Gabriela Michetti - Vamos escutar algo mais claro sobre o diagnóstico do que temos encontrado. Fizemos investigações para ver o que havia em cada ministério, e nos surpreendemos negativamente. Sabíamos que a situação não era boa, mas encontramos cenários piores, e vamos dizer isso no dia 1º.

Os Kirchner acusam Macri de perseguição por meio de demissões de servidores.
Eles não têm como justificar nem sustentar essa denúncia. Durante 12 anos, lotearam a estrutura pública com aproximadamente 1,5 milhão de pessoas. Funcionários foram demitidos porque não cumpriam suas tarefas, e às custas do nosso dinheiro.

Até agora, constatamos algo em torno de 10 mil a 12 mil dentro desse universo de 1,5 milhão. Então, não se pode falar em perseguição. Se fosse assim, os números seriam pouco mais substanciais. Nenhuma pessoa foi despedida por questão ideológica ou de militância, mas pelo fato de não trabalhar.

Em poucos dias, a Justiça argentina decidiu processar nomes importantes do governo anterior, entre eles o ex-chefe da gabinete da Presidência, Aníbal Fernández, e dois ex-ministros. Não é estranho isso ocorrer agora? Não há um relação próxima do governo Macri com a Justiça?
Isso tem a ver com uma situação do governo anterior, não com a gente. Os juízes, antes, estavam muito temerosos em investigar funcionários envolvidos em suspeita de narcotráfico, corrupção, roubo. Tinham medo de investigar, porque isso gerava da parte do governo um castigo.

A diferença agora é que o presidente não está se intrometendo, ao contrário do governo anterior.
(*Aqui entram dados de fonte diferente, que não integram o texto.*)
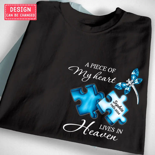 View full detailsPersonalized Memorial Shirt/Hoodie - Memorial Gift For Family Member - A Piece Of My Heart Lives In Heaven
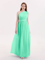 One Shoulder Chiffon Long Bridesmaid Dress Turquoise
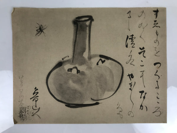Japanese Art Print Reproduction Rosanjin Vase Tsubo Poem Monochrome Paper FL425
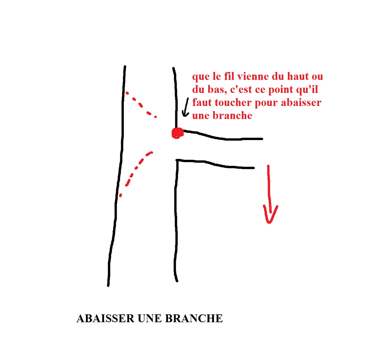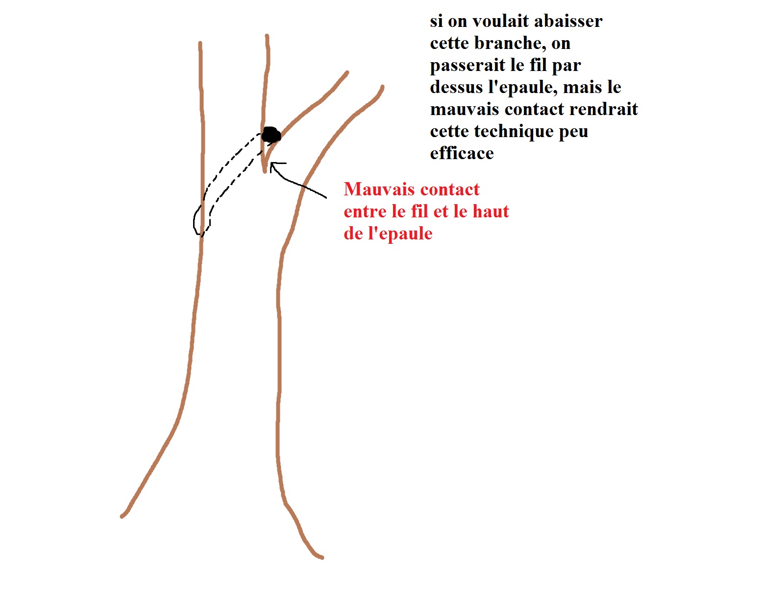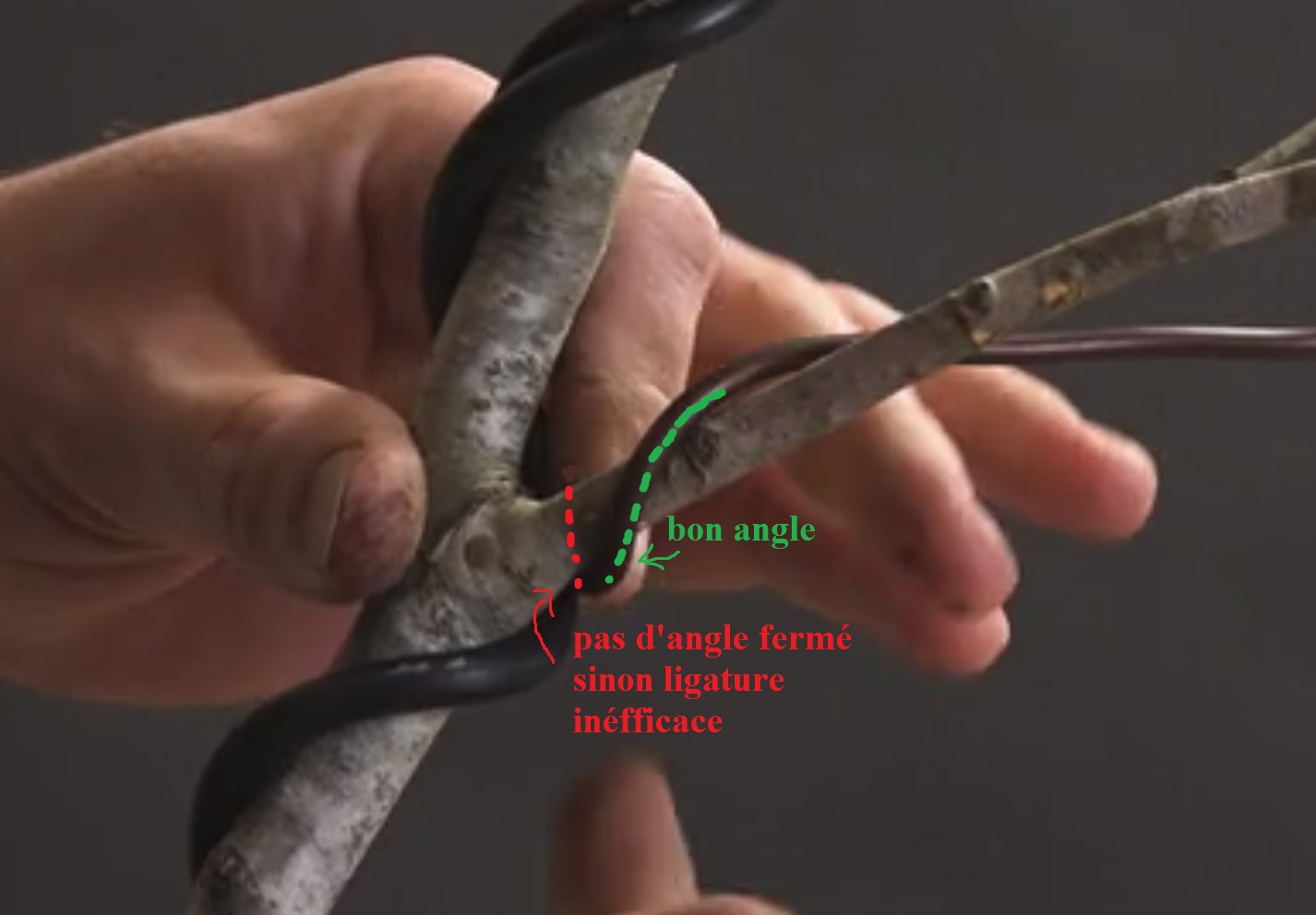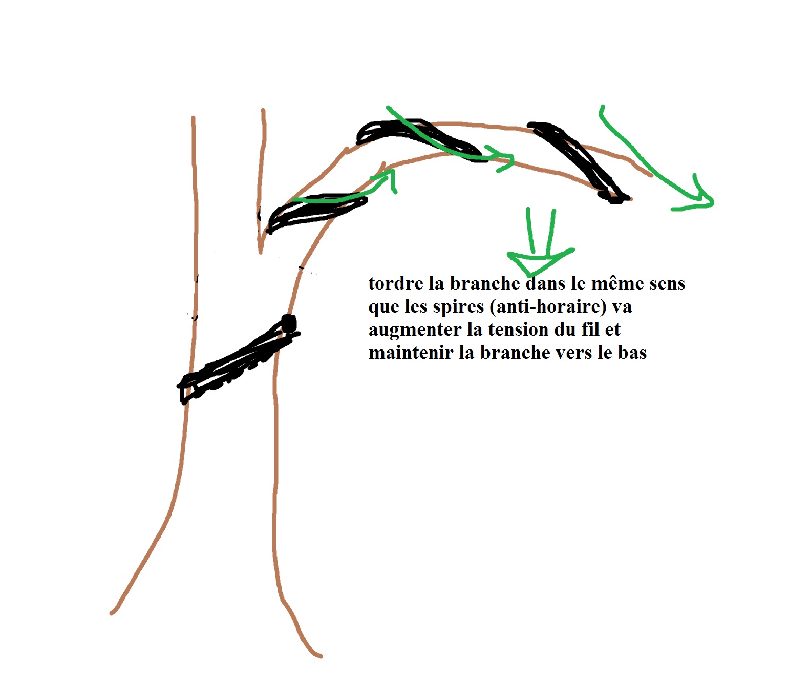 Quand la branche remonte trop, il vaut mieux passer la spire en bas →

A senhora veio a Brasília encontrar-se com Dilma num momento de crise no Brasil. Como a possibilidade de impeachment dela afeta as relações com o governo Macri?
Todas as situações de crise em qualquer país amigo, neste caso um mais próximo como o Brasil, preocupam e geram tristeza. Mas respeitamos que cada país resolva esses temas e não vamos nos envolver com a política de Brasil, de Chile, de Bolívia. Vamos respeitar e ajudar, se pudermos.
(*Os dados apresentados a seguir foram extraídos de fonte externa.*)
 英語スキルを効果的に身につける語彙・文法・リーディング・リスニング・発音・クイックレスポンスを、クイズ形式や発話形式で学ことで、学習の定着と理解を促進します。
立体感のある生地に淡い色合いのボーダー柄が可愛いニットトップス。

Roberto Stuckert Filho/Presidência da República/AFP
 released by the Brazilian Presidency showing Argentina's Vice Presidente Gabriela Michetti (L) and Brazilian President Dilma Rousseff talking during a meeting at Planalto Palace in Brasilia, on February 23, 2016. AFP PHOTO/Presidency/Roberto Stuckert Filho RESTRICTED TO EDITORIAL USE - MANDATORY CREDIT
Gabriela Michetti com Dilma Rousseff no Palácio do Planalto

Há preocupação sobre o efeito na indústria argentina?
Muita, claro. Tudo que acontece no Brasil gera um efeito direto na Argentina. É uma preocupação não só de empresários argentinos, mas da população, porque há uma consciência de que a Argentina também sofre com o que ocorre no Brasil. Se o Brasil não está bem, tampouco estaremos.
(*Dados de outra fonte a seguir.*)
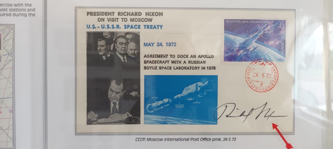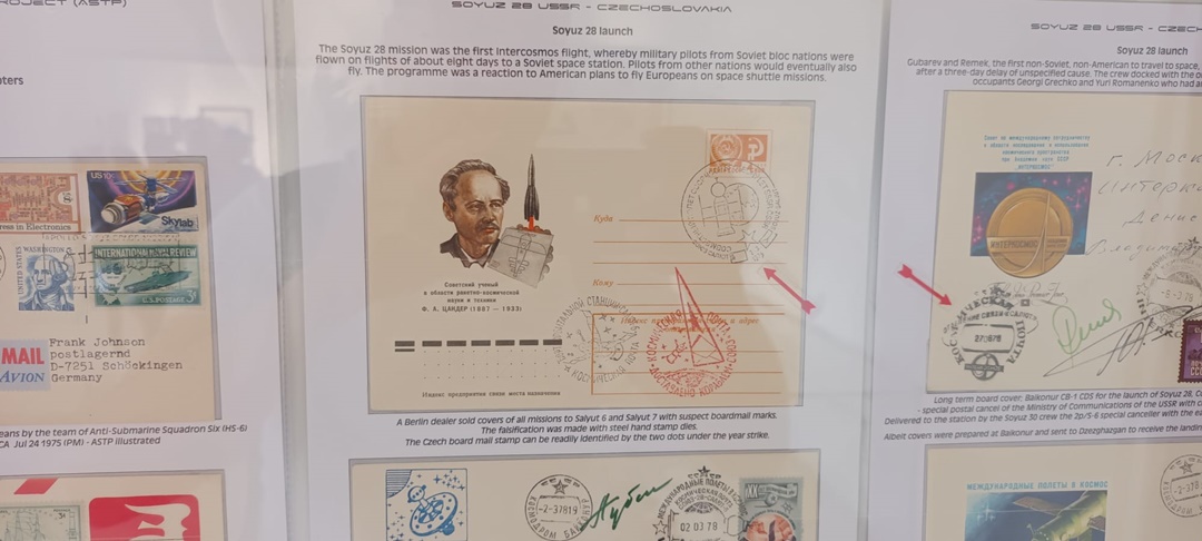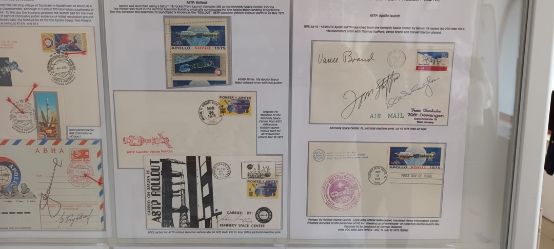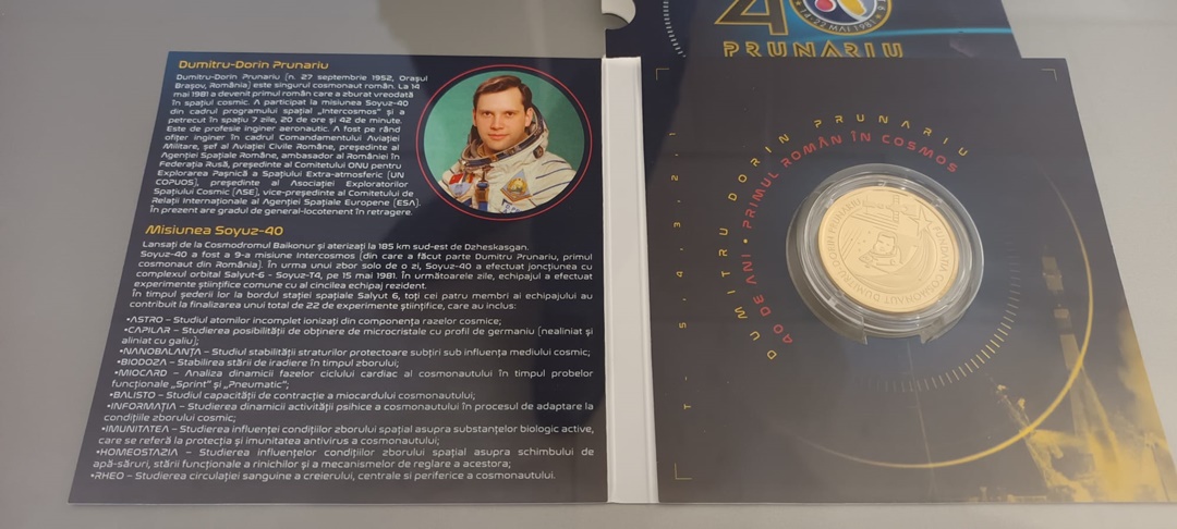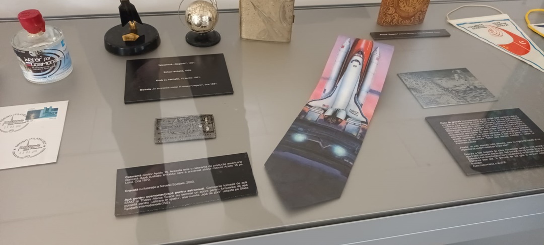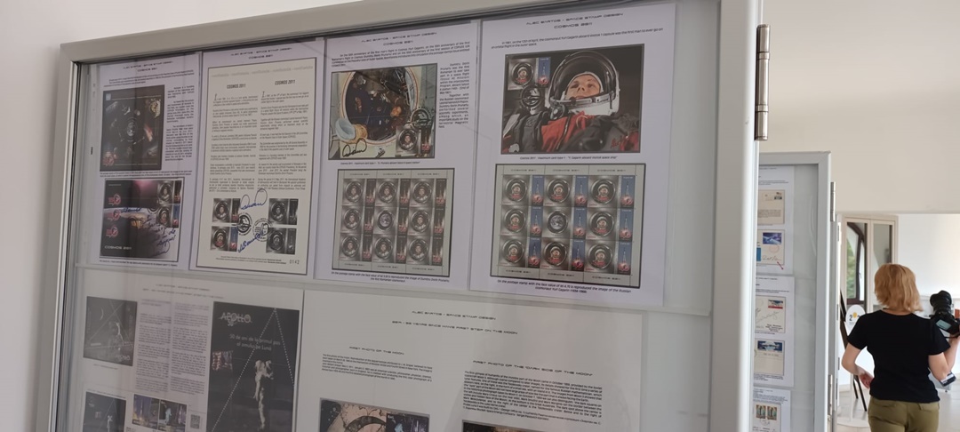 “Si in partea de astrofilatelie sunt piese unicat in lume, dar cu siguranta ceea ce nu a mai fost expus niciodata in Romania, si din cunostintele mele nici in lume, si am vazut cateva muzee de spatiu din lume, sunt niste stampile exact de la Oficiul Postal Militar Secret din Baykonur, niste panglici, e greu de tradus din limba engleza, pentru ca in Romania nu avem terminologia pentru genul acesta de colectii. Sunt ‘memorabilia’, sunt piese legate de astronautica, bucati de nava spatiala. Avem un film care a fost trimis Ambasadei Americii din Romania pentru promovarea misiunii Apollo 11, in 1969, sunt ziare de epoca. Este un ziar dintre cele 10, sau poate mai putine, pe care le-a avut la bord domnul Dumitru Prunariu, unul din ele este aici. Sub este fotografia cu dansul cu un exemplar din cele cateva. Sunt ziare de epoca, de exemplu Informatia Bucurestiului, unul dintre primele ziare din lume care a scos o editie speciala la cateva ore dupa ce primul om ajungea in cosmos, Yuri Gagarin. Absolut toata presa, 99,9% din presa lumii a anuntat evenimentul in 13 aprilie, aici avem expus un original, din 12 aprilie, practic, la cateva ore de cand Moscova daduse publicitatii faptul ca un om este in cosmos. Veti vedea o pagina de almanah, in 1882 daca nu ma insel, care promova cartea lui Jules Verne, despre care stim ca l-a inspirat pe Herman Oberth, romanul nostru, considerat parintele astronauticii, si care, la randul sau, i-a invatat pe cei care au creat rachetele cu care s-a ajuns pe luna. Sunt o gramada de obiecte istorice, unicat, prima data expuse, si eu sper ca vor fi o inspiratie pentru copii, si pentru copiii din noi“, spune Alec Bartos, presedintele Comisiei de Astrofilatelie a Federatiei Filatelice Romane.

Qual a diferença da relação do seu governo com o Brasil em relação ao de Cristina?
Há diferença substancial na política externa. É uma maneira fracassada pensar que, com fronteiras fechadas, você pode resolver problemas. Ao vir ao Brasil em 4 de dezembro [seis dias antes da posse], o presidente Macri foi claro: para nós, o país é prioridade. Minha presença é para dizer isso: estamos aqui para ajudar. Os argentinos têm fama de ser muito soberbos e mais restritos.

Mas o posicionamento de Brasil e Argentina sobre a Venezuela é bem diferente...
Como expliquei, com respeito, ao presidente Nicolás Maduro: para a Argentina, o tema dos direitos humanos é de muita sensibilidade. Qualquer situação em que, para nós, não há cuidado com os direitos humanos, de expressão, de imprensa, sempre vamos dar uma palavra, porque é um tema muito caro a nós.

Não tem a ver com a política.

O governo Kirchner resistia ao livre comércio entre Mercosul e UE. É possível avançar?
Acreditamos muito na relação com a UE. É uma oportunidade. Com o Brasil e os outros do Mercosul teremos mais chance de nos relacionar com a UE que sozinhos.